Siamo abituati a osservare con grande distacco certe realtà finché poi ci ritroviamo impreparati a viverle a casa. Sono dovuto crescere velocissimamente, dovevo badare a mio padre. Dovevo organizzare il nuovo assetto domestico. Dovevo aiutare mio padre ad accettare questa dannata malattia. Dovevo pensare a portare avanti una casa. Dovevo occuparmi anche di mia madre. Mia madre era già malata da tempo e mio padre era riuscito magistralmente a non caricarci di questo peso. Io fino a quel momento non avevo mai realizzato che mia madre avesse bisogno di aiuto. Nonostante il suo problema ero sempre riuscito a vederla nel suo ruolo di madre che magari faceva fatica rispetto alle altre madri ma più o meno riusciva a occuparsi di noi.

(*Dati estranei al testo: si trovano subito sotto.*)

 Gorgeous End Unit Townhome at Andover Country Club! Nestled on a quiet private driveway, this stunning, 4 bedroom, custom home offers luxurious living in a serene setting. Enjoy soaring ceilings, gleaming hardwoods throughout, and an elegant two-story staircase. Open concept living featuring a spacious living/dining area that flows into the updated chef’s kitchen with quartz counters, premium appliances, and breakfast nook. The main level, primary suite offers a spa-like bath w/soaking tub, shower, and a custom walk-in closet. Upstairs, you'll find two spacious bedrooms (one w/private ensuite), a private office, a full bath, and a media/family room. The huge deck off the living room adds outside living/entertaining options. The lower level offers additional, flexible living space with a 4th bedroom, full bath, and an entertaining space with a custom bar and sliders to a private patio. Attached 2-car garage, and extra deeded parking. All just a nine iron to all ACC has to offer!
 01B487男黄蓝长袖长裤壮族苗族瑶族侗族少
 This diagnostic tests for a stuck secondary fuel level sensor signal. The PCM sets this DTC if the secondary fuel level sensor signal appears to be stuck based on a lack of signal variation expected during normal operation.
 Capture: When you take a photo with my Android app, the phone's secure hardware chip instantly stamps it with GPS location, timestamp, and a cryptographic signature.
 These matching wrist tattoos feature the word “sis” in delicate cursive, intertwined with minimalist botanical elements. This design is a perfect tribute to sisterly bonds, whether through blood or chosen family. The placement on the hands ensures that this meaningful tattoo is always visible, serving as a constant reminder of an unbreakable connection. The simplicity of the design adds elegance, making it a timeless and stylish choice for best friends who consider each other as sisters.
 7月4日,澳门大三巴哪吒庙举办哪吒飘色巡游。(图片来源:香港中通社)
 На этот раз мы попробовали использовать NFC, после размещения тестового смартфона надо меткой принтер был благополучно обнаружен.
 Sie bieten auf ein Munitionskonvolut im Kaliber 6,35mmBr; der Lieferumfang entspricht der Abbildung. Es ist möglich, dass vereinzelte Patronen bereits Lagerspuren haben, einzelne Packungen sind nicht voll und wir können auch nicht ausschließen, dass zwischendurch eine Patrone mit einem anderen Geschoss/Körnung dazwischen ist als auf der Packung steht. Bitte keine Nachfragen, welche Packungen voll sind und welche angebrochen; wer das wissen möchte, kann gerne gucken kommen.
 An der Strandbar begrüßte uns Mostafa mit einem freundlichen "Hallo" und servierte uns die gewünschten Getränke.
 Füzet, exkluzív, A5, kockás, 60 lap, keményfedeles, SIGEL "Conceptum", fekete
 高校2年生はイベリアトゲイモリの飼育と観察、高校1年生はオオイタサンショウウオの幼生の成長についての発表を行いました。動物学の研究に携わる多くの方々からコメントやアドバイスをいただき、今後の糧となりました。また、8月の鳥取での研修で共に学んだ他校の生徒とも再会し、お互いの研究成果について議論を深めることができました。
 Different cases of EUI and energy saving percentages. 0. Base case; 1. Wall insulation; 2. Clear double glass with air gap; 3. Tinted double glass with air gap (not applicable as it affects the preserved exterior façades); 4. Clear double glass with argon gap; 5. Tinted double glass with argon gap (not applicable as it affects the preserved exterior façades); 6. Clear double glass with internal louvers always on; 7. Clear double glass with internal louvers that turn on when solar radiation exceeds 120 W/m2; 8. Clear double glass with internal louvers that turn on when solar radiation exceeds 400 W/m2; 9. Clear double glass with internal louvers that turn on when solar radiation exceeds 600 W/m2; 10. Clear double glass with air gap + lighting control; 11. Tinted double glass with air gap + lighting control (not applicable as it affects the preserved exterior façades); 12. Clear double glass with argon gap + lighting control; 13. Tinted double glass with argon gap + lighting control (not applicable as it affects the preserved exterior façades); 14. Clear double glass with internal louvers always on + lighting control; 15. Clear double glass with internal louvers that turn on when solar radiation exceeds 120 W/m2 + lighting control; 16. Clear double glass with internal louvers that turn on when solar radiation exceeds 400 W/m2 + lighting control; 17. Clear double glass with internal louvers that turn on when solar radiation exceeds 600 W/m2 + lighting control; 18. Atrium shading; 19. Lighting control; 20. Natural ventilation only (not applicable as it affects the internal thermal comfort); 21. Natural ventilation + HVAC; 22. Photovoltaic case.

In pratica mi sono trovato a fare il capo-famiglia senza che l’avessi voluto, senza nessuna abilità, senza sapere nulla.
Che grande difficoltà all’inizio. Non avevo l’idea da dove iniziare e non potevo contare su nessun altro famigliare che non fosse mia sorella che sembrava totalmente in balia delle onde.
Bisognava farsi forza. Mascherare le ansie, le paure. Mostrare tranquillità e sicurezza. E andare avanti…
Mio padre aveva bisogno di me. La mia omosessualità ancora per una volta poteva aspettare…
Premessa…
Non è importante sapere chi sono perché non faccio la differenza. La mia è una storia come tante altre. Molti si possono rispecchiare e tanti altri possono prendere ispirazione oppure le complete distanze.
Non ho la pretesa e la presunzione di insegnare come bisognerebbe vivere, anzi vorrei ricevere io stesso dei consigli di vita.
Vorrei creare uno spazio in cui interagire.
Parlare delle difficoltà per risolverle insieme.
Le mie parole scritte suonano come urla di sfogo che rivelano le mie verità: celate e soppresse da troppi anni ormai.
Vorrei con la scrittura e la condivisione trovare La Soluzione.